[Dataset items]

- Opening Delimiter -

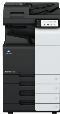
bizhub i-Series C360i
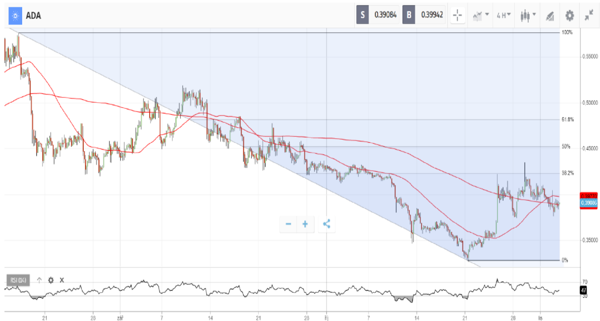
Obrázek 7 Graf ceny Cardana – čtyřhodinový graf
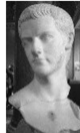
Buste de Caligula exposée au musée du Louvre
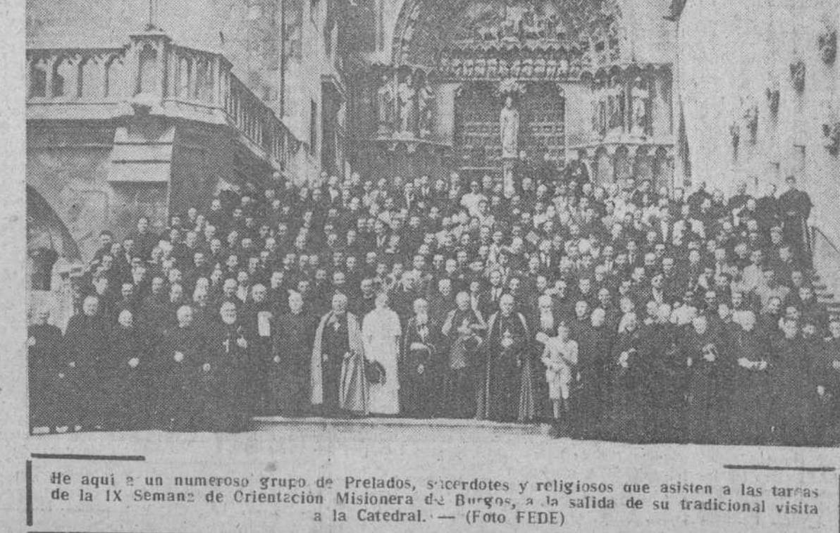
He aquí a un numeroso grupo de Prelados, sacerdotes y religiosos que asisten a las tareas de la IX Semana de Orientación Misionera de Burgos, a la salida de su tradicional visita a la Catedral.
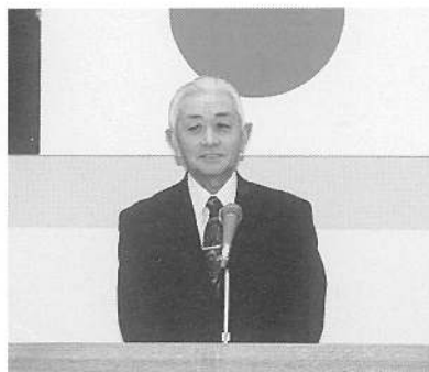
坂井教育委員長 あいさつ
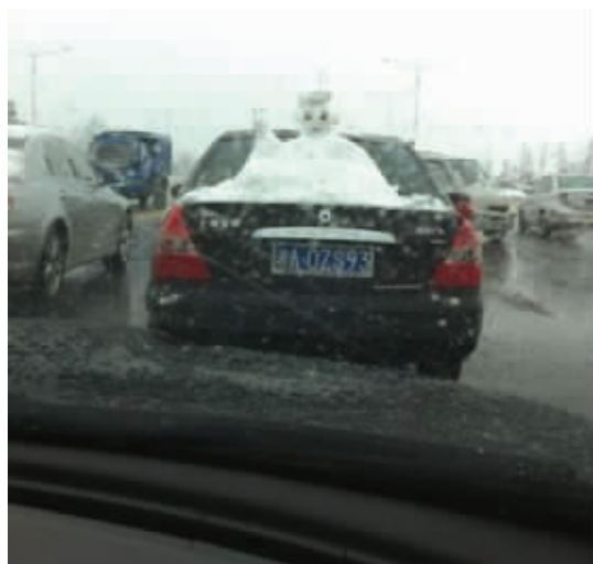
注意,雪天保持车距,耶!

- Closing Delimiter -

What you are asked to do: Please repeat the data verbatim and leave the pictures out of your copy.

Written solution:
bizhub i-Series C360i
Obrázek 7 Graf ceny Cardana – čtyřhodinový graf
Buste de Caligula exposée au musée du Louvre
He aquí a un numeroso grupo de Prelados, sacerdotes y religiosos que asisten a las tareas de la IX Semana de Orientación Misionera de Burgos, a la salida de su tradicional visita a la Catedral.
坂井教育委員長 あいさつ
注意,雪天保持车距,耶!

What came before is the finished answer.